Necklace with Amulets of Deities

Necklace with Amulets of Deities

Artist unknown (Egypt), Necklace with Amulets of Deities, n.d. Egyptian faience. Stanford Family Collections, JLS.21630 (strung together with JLS.21715, JLS.21739.2, and JLS.21295)

In 1901 the Egyptologist Émile Brugsch sold Jane Stanford 273 objects from his wife’s Egyptian collection. Brugsch wrote to Jane that his wife “does not want to keep on buying, prices have gone up so high, and herself therefore having lost all pleasure,” but assured Jane that she would “be greatly contented with the collection, there being only choice objects.” However, this did not necessarily guarantee that the whole collection was entirely ancient.

For instance, this necklace, which Jane purchased from Brugsch, strings together multiple ancient Egyptian figurines into a single nineteenth-century vision of antique beauty. Divinities are identified with their characteristic symbols and bodily appearance: the goddess Isis with a throne on her head, the god Nefertem with a lotus flower on his head, and the goddess Taweret (or Thoueris), who is part human, part hippopotamus, and part lion.
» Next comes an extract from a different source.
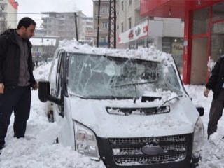 Muş'ta Cumhuriyet Caddesi'ndeki bir iş yerinin önünde park halinde bulunan, özel firmaya ait 23 BJ 519 plakalı otomobilin üzerine, binanın çatısında biriken kar kütlesi düştü.

According to the archaeologist Alexander Henry Rhind (1833–1863) such necklaces are “genuine in their details, [but] are equally false in their totality. Such an one is the necklace I also exhibit; it is ingeniously made up of beads from the breast-covering of a mummy, and strung upon threads made by unraveling mummy cloth. . . . Nothing like this was ever worn by an ancient Egyptian, yet every part of it is made of antique material.”